I love a good notebook. I’m a huge fan of stationery in general. Pens, paper, notebooks. Little stickers. I’m crazy about stationary and have been for a long time. Maybe it’s a writer thing. Maybe it’s just cause I’m a little nuts. Who knows? Everyone has their quirks.
I’ve always had notebooks, writing little notes and ideas and poems. I must’ve bought hundreds of notebooks over the past decade and a half. I have a couple of dozen under my bed – empty and waiting to be filled. One of the big things I did to clean my head and my life up was to throw out all the full notebooks I had that were full of fanfiction and stuff I didn’t need to keep. Hundreds of words went to recycling. Most were just day dreams, most written to escape whatever crap was going on in my head or my life at the time.
When I was nineteen I had an orange notebook with a picture of a orange half on the front. I think I got it in a pound shop in. I don’t care, I’ll buy notebooks anywhere, doesn’t matter. I’d had it for a little while since before I went to Uni. In it were poems, ideas and pieces of the novel I was trying to write. Including a scene I’d written for Perfect Harmony (working title of that novel), where my protagonist is standing on one of the last pieces of Wales not yet under water talking to another character.
I’d actually written it down on a piece of paper and glued it into my notebook so I wouldn’t lose it. A few things I had done like that – written them elsewhere then glued them in to keep them in one place and safe.
On Boxing Day my student house was broken into.
I was living in Leicester – going to college to do a foundation year in science so I could do Chemistry at De Montfort University. The house was new build on the edge of dodgy estate. We weren’t really well liked because we were students; interlopers. We didn’t have to be on the estate. We didn’t necessarily want to be there but we needed somewhere to live and it was literally across the road to the college we were all going to (most of us were doing various foundation years).
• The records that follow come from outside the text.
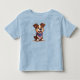 Perro de estilo caricaturesco con una expresión alegre. Este perro tiene un pelaje predominantemente marrón y blanco, con ojos grandes y expresivos y una gran sonrisa que muestra sus dientes. Lleva una colorida bandana alrededor del cuello, predominantemente azul con estrellas, lo que sugiere un tema divertido o festivo. Las orejas del perro están erguidas y su cola está meneándose ligeramente, lo que enfatiza su comportamiento juguetón y amigable. La apariencia general es vibrante e invitante, lo que hace que el perro parezca adorable y accesible.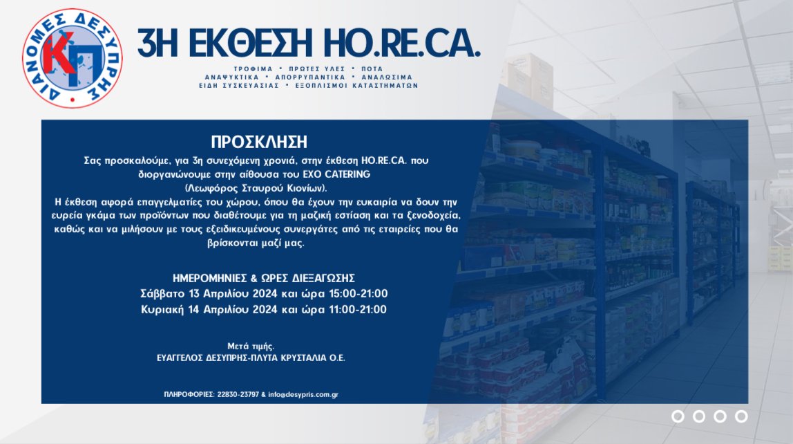Σας προσκαλούμε, για 3η συνεχόμενη χρονιά, στην έκθεση HO.RE.CA. που διοργανώνουμε στην αίθουσα του EXO CATERING (Λεωφόρος Σταυρού Κιονίων).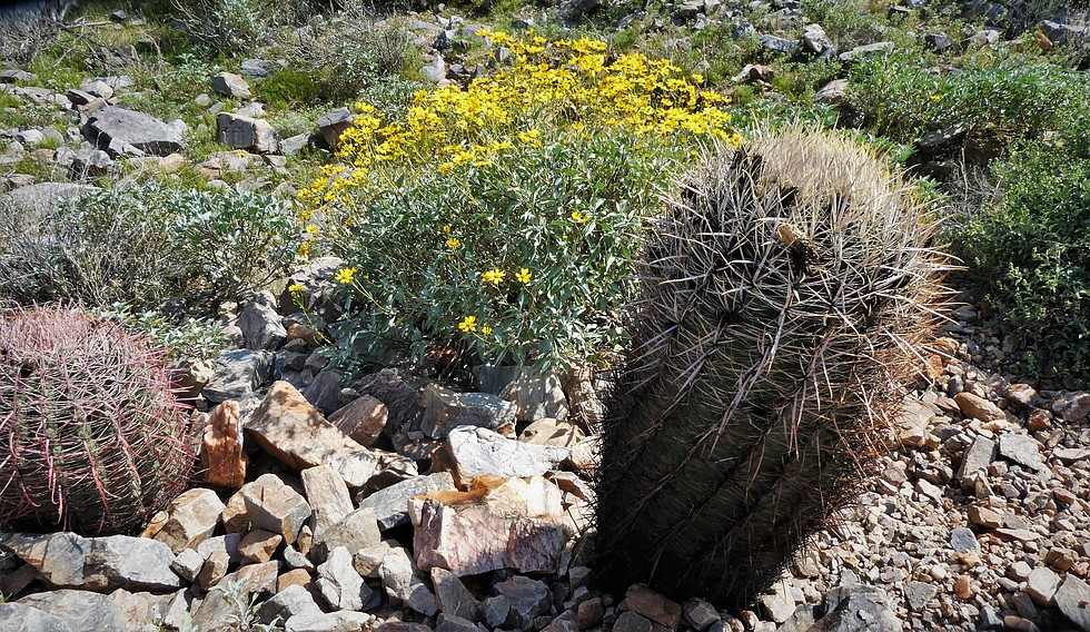 There isn't a lot of brittle bush out here but this was a nice bloomer between the cactus.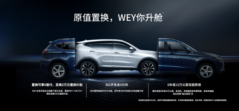 不仅如此,在金融政策的支持以及售后服务方面也做到了豪华品牌该有的水准。WEY品牌推出“原值置换 WEY你升舱”用户关爱举措,不仅献上至高100%原值置换、限时高至2万元置换补贴、免费6次基础保养服务为旧爱保“价”,同时提供了36期0息、365天免息0日供、60期超长低息等多种零压力换购方案实力宠粉,为新老用户开启全新用车生活的同时,借助差异化用户思维,构建服务优势,引领中国汽车品牌全面进阶。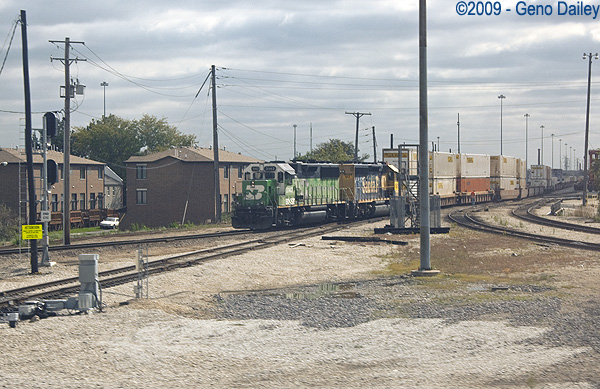 | Crossing near the BNSF (Former Santa Fe) Corwith Yard where a BNSF freight waits for us to clear the diamond. |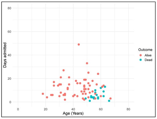 DS patients admitted for COVID-19 were slightly older than those admitted for non-COVID-19 pneumonias (T21RS cohort vs. CMBD cohort: 46.4 years (SD 11.8) vs. 42.2 years (SD 13.9), t = 3.224, p < 0.01), although this difference was not clinically significant. No differences were detected in sex distribution between COVID-19 and non-COVID-19 pneumonias. In-hospital mean length of stay of DS patients with COVID-19 was similar to that of non-COVID-19 patients (10.3 days (SD 7.9) vs. 9.9 (SD 9.4), t = 0.264, p = 0.79). However, there was a noticeable difference in length of stay by discharge status. DS patients with COVID-19 who were discharged alive stayed significantly longer than those who died during their admission (12.1 days (SD 8.2) vs. 5.1 days (SD 3.4), t = 5.39; p < 0.001), whereas the opposite was detected in patients with DS admitted for non-COVID-19 pneumonias, suggesting a more severe course of disease in COVID-19 patients. Even so, the mean length of stay of COVID-19 DS patients who died while hospitalized was significantly shorter than that of non-COVID-19 cases (t = −5.95, p < 0.001). The distribution of patients according to age, length of admission, and outcome in both groups is depicted in Figure 1 (T21RS cohort) and Supplementary Figure S4 (CMBD cohort).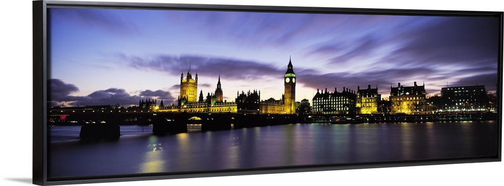 <p>Wide angle, nighttime photograph of the London skyline, including Big Ben and Houses of Parliament, reflecting in the waters of the Thames River.</p>

For the Christmas holidays me and my sister who was fifteen at the time travelled from Coventry where my dad lives to go shopping in the Boxing Day sales. The house was empty because everyone else had gone home for Christmas too – but my sister and I would’ve done anything to get out of the house back then. We were planning to stay overnight, she’d stayed with me a couple of times before during half term and holidays. We set my TV up in the living room, and then went out shopping.
When I came back the television was gone. So was the microwave and our bags. Luckily all of our individual bedrooms were locked up so my pc and other belonging weren’t touched but the bag, boy the bag was gone.
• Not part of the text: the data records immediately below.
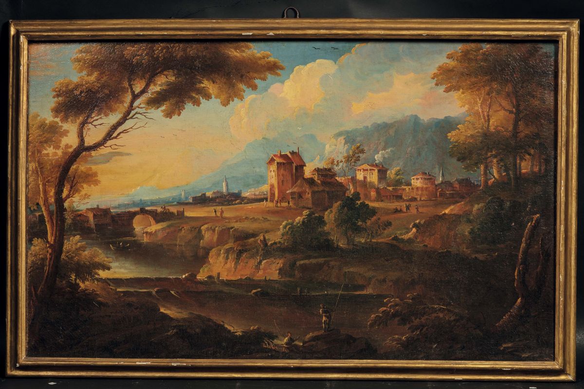 Giuseppe Roncelli (1669-1729) Paesaggio con incendio Paesaggio con architetture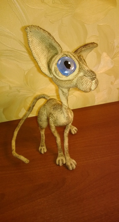 вязаная игрушка, ручная работа, бежевый, подарок на 8 марта, подарок, котенок, подарок на любой случай, подарок на 23 февраля, кот игрушка, вязание крючком, кот в подарок, лысый кот, сфинкс, кот вязаный, котенок вязаный, кот-сфинкс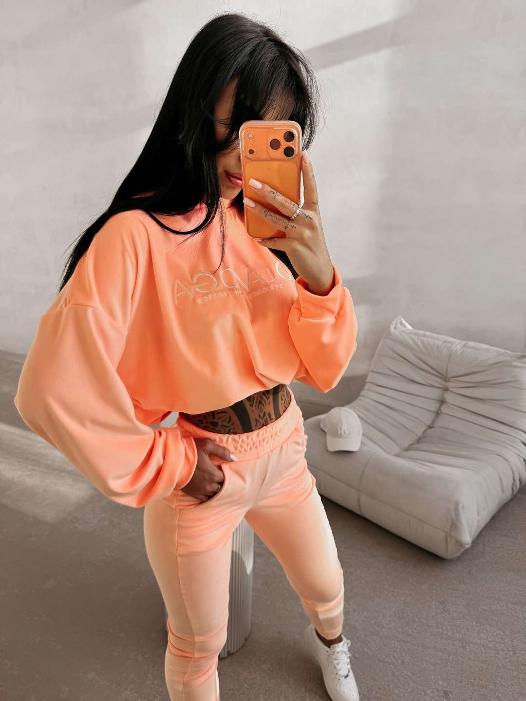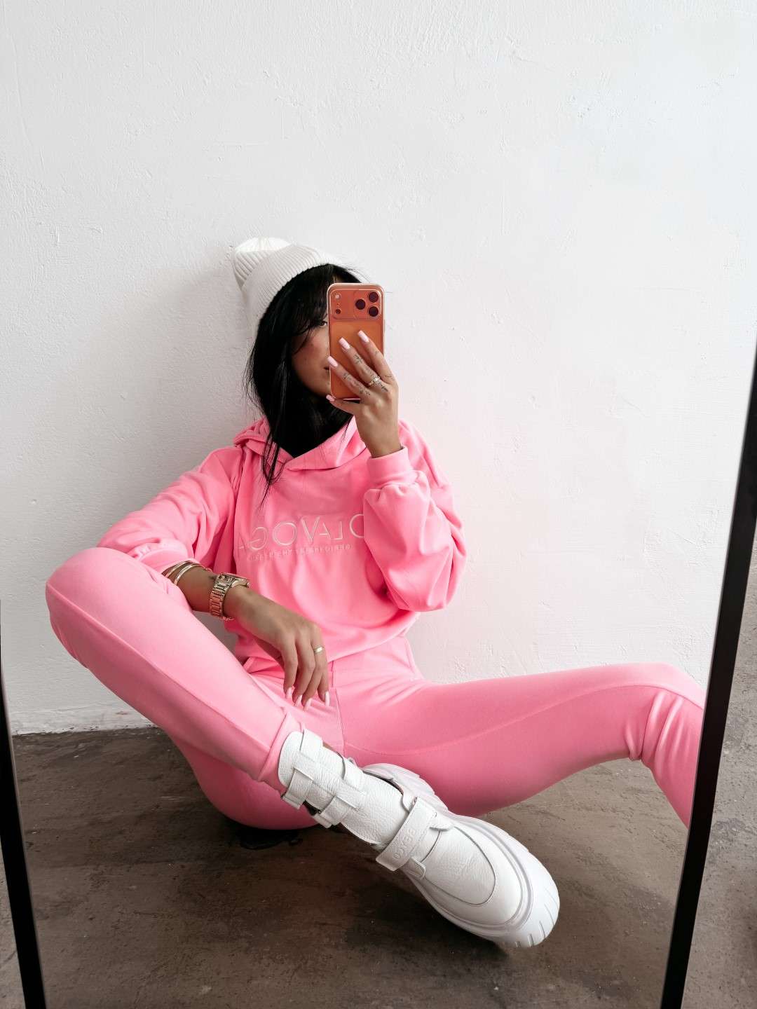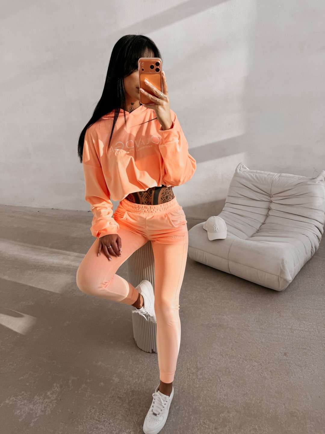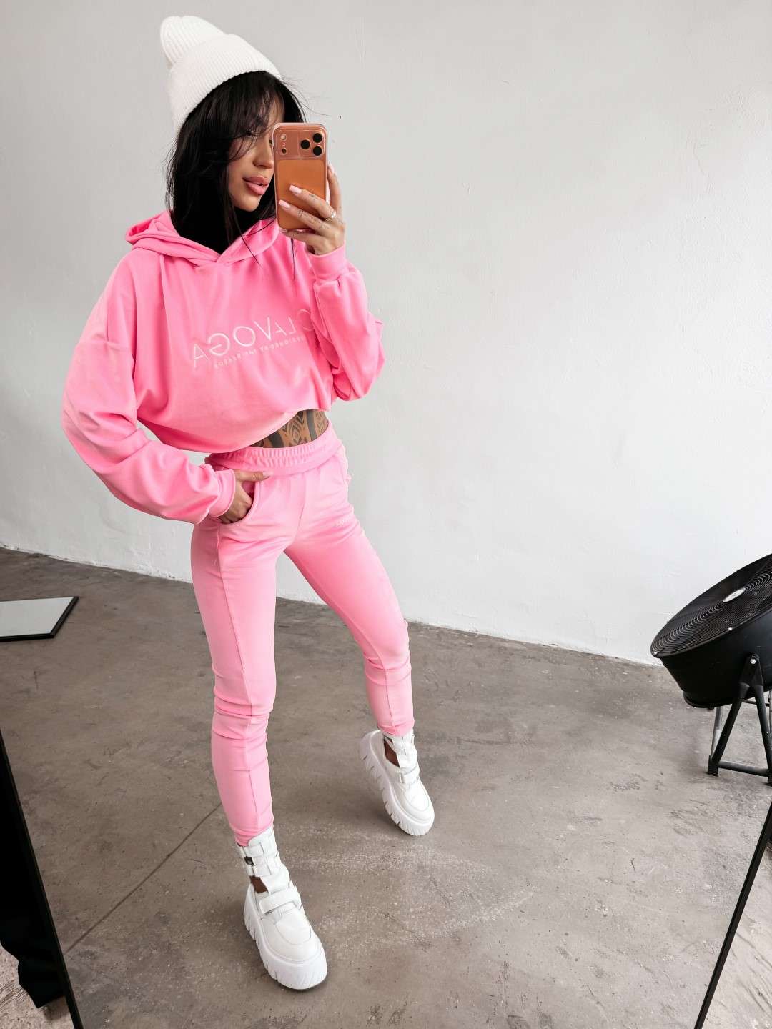 Miękki, welurowy komplet o casualowym charakterze. Wykonany z przyjemnego w dotyku materiału o delikatnym połysku. Góra – bluza z kapturem o luźnym kroju, z lekko obniżoną linią ramion oraz elastycznym wykończeniem u dołu i przy mankietach. Na przodzie minimalistyczny haft z logo marki OLAVOGA. Dół – spodnie o dopasowanym kroju, z elastyczną talią i praktycznymi kieszeniami. Nogawki zakończone ściągaczami delikatnie podkreślają sylwetkę oraz subtelny haft z logo marki OLAVOGA na nogawce.

In the bag was a few things including my Coventry City replica football shirt and the orange notebook.
Never To Be Seen Again
The only thing that was recovered was the microwave. It was found in a house down the road from us – with a family of people who’d been harassing us since we moved in. Someone was arrested on handling stolen goods; they couldn’t prove they had actually broken in. The TV, bag and it’s content were never seen again.
My dad bought me a new TV. I bought myself a new bag. I already had notebooks waiting to be filled and eventually I got a new City shirt too.
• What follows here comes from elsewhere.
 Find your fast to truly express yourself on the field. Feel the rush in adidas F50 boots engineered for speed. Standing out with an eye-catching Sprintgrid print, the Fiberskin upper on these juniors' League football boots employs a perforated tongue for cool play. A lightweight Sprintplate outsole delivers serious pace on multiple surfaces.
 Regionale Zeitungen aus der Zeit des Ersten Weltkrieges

The words are gone forever.
The scene remains in my head in some sort of vague way – the two characters on a hill, sky dull and grey behind them but I’ve never written it back down that way. In fact, I’ve written around 30,000 words of this novel and I’m pretty sure (it’s been a while since I’ve read it over) that does not feature this scene.
At the time I felt like I would never be able to recapture the scene properly. Not that it was a perfect piece of writing, but how it made me feel – those emotions – were as lost as the actual words were. This was 15 years ago, the novel sits unfinished in a file on my laptop (with back ups on a hard drive).
I’m a serial quitter. Not just of novels – though the half a dozen started novels on my laptop do make up a great deal of stuff I’ve quit or abandoned. Courses, jobs, friends, myself. I’ve quit all sorts of things. Every since the memory of this stolen notebook was dredged up through a simple question about losing notebooks or work in a facebook group I have been thinking about these novels. Perfect Harmony, Pink Sunglasses, Acher’s Anomaly just sitting waiting for the words, the rest of the story.
So I’m going to finish one. At least one by the end of the year. Even though I’m working, have a baby, two blogs and mental health problems I’m gonna finish one of these novels.
I’ve copied them all over to google docs – I thought that might help. That way I can read through the words wherever I am as I reacquaint myself with the stories and add ideas to. I’m starting with Perfect Harmony and seeing how I feel about it, now fifteen years after I started it.
That scene in that maybe gone but there are over thirty thousand words that still exist and I shouldn’t ignore them any longer.